Source information -
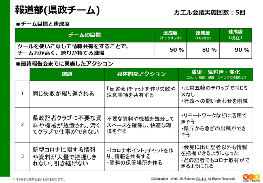 まず、チームごとに目指す理想の働き方を策定し、チームごとに課題を見つけ、解決策を議論する「カエル会議」の実践を進めました。
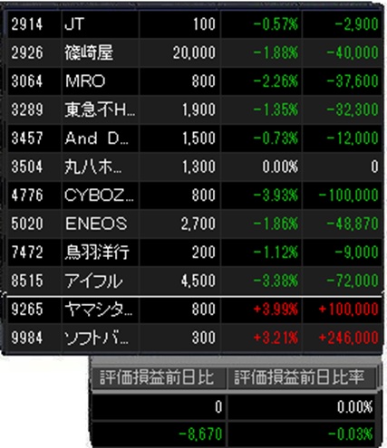 12銘柄保有中2銘柄だけの上昇で全体ではほぼ±0の微々たる下落に。ソフトバンクGは買値から4倍がすぐそこになっています。準主力のヤマシタヘルスケアHDは普段から相場と全く連動しないんですが、今日は監視銘柄中1位の上昇率で保有資産全体を相場の下げから引き上げました。
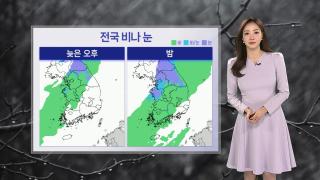 [날씨] 내일까지 전국 비나 눈…찬 바람 불며 기온 '뚝'오늘 퇴근하실 때 우산 잘 챙겨주셔야겠습니다.전국 대부분 지역에 비나 눈 소식이 들어 있는데요.늦은 오후에 중부와 호남을 시작으로, 밤에는 전국으로 확대되겠습니다.이 강수는 내일 밤까지 내렸다 그치기를 반복하겠습니다.앞으로 예상
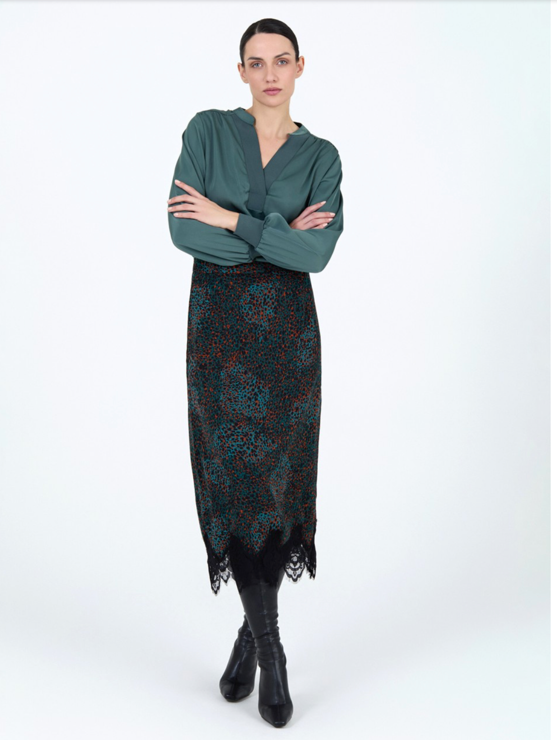 Beautiful satin blouse with ribbed detail trim on v-neck.
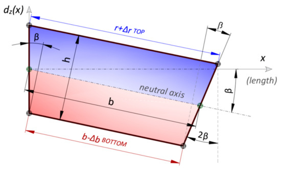 The rectangular shape of the gauges after deformation are changed into trapezoid (Figure 9) and further analysis is focused on its geometry. That is why the proposed method is also called the trapezoidal method. Elongations or shortenings of the gauge bases are calculated knowing the measured strains in optical fibres and using the engineering strain definition:
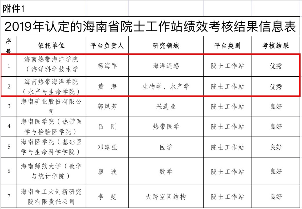海南省科学技术厅关于2019年认定的海南省院士创新平台绩效考核结果的公示http://dost.hainan.gov.cn/xxgk/xxgkzl/xxgkml/202307/t20230719_3457500.html
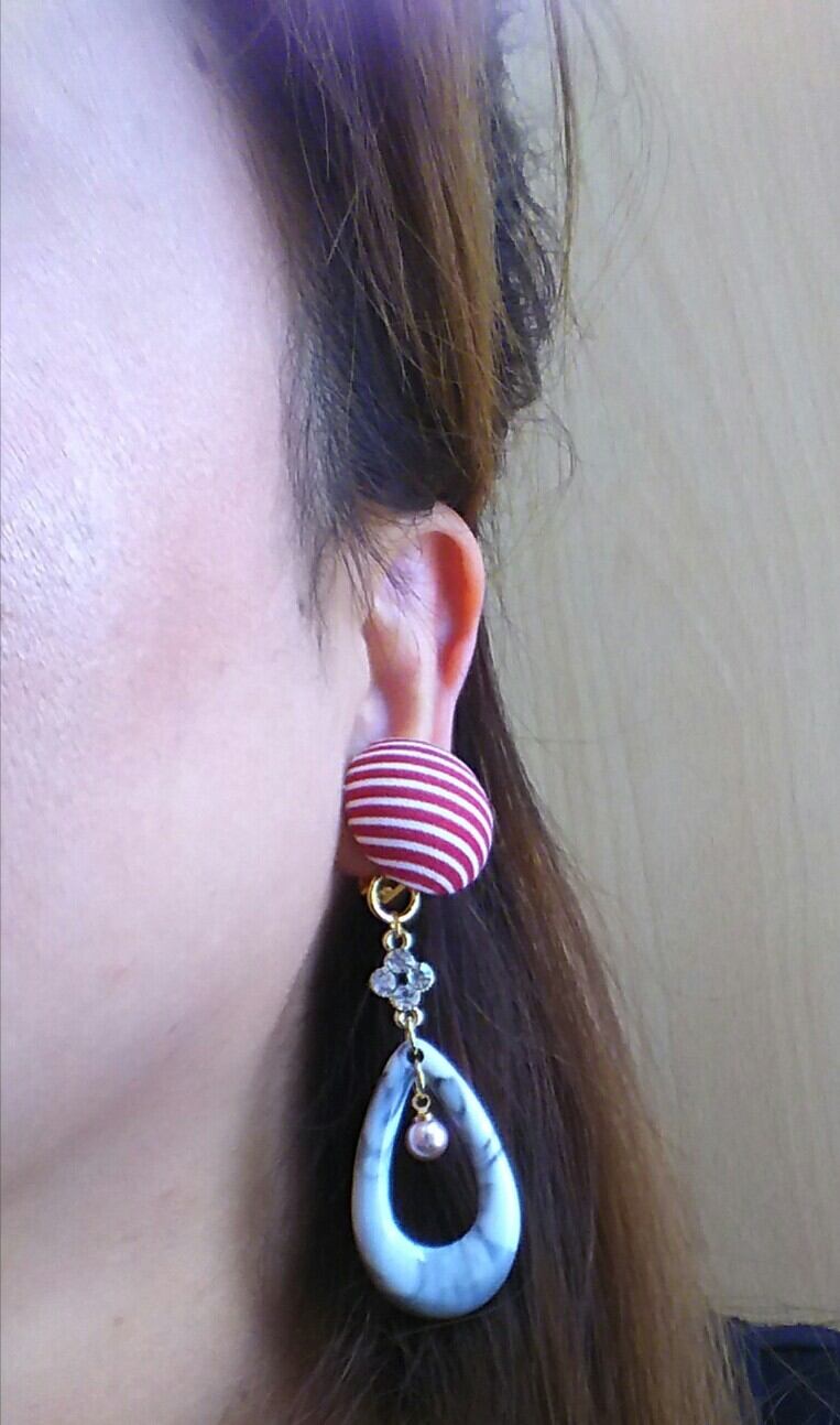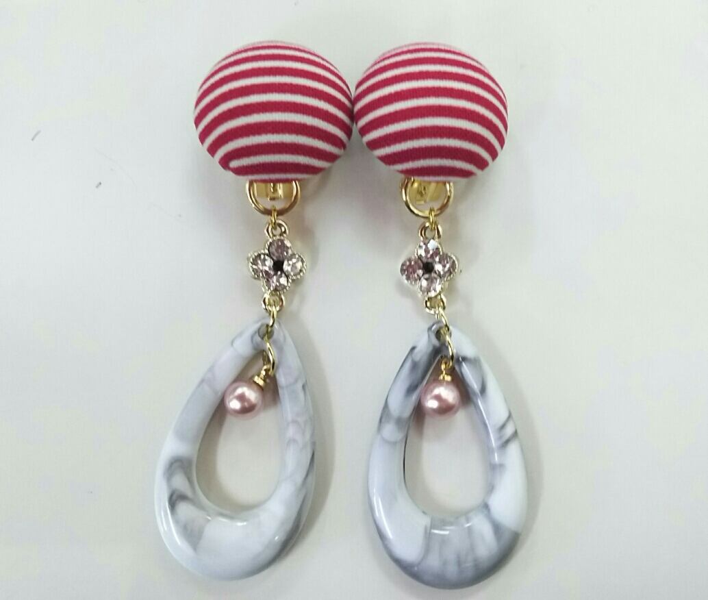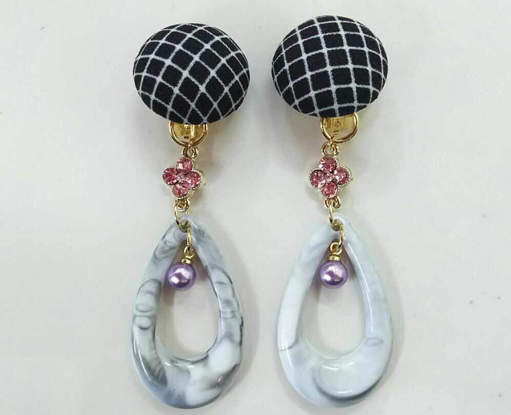 可愛いチェック柄の生地カボションが入荷したので、フープと組み合わせました。春アイテムとして思わず装着したくなるイヤリング。
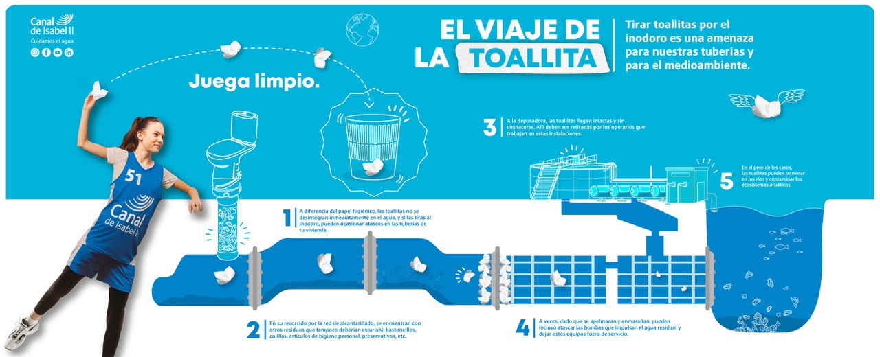 Isabel knows the consequences of flushing waste down the toilet and knows that the solution is in her hands: to empty the wipes in the bin. Join our team to take care of water and the environment.

Task description - In the reply, every line of the material above is to be reproduced verbatim, and the images are to be left out.

Expected answer -
 まず、チームごとに目指す理想の働き方を策定し、チームごとに課題を見つけ、解決策を議論する「カエル会議」の実践を進めました。
 12銘柄保有中2銘柄だけの上昇で全体ではほぼ±0の微々たる下落に。ソフトバンクGは買値から4倍がすぐそこになっています。準主力のヤマシタヘルスケアHDは普段から相場と全く連動しないんですが、今日は監視銘柄中1位の上昇率で保有資産全体を相場の下げから引き上げました。
 [날씨] 내일까지 전국 비나 눈…찬 바람 불며 기온 '뚝'오늘 퇴근하실 때 우산 잘 챙겨주셔야겠습니다.전국 대부분 지역에 비나 눈 소식이 들어 있는데요.늦은 오후에 중부와 호남을 시작으로, 밤에는 전국으로 확대되겠습니다.이 강수는 내일 밤까지 내렸다 그치기를 반복하겠습니다.앞으로 예상
 Beautiful satin blouse with ribbed detail trim on v-neck.
 The rectangular shape of the gauges after deformation are changed into trapezoid (Figure 9) and further analysis is focused on its geometry. That is why the proposed method is also called the trapezoidal method. Elongations or shortenings of the gauge bases are calculated knowing the measured strains in optical fibres and using the engineering strain definition:
海南省科学技术厅关于2019年认定的海南省院士创新平台绩效考核结果的公示http://dost.hainan.gov.cn/xxgk/xxgkzl/xxgkml/202307/t20230719_3457500.html
 可愛いチェック柄の生地カボションが入荷したので、フープと組み合わせました。春アイテムとして思わず装着したくなるイヤリング。
 Isabel knows the consequences of flushing waste down the toilet and knows that the solution is in her hands: to empty the wipes in the bin. Join our team to take care of water and the environment.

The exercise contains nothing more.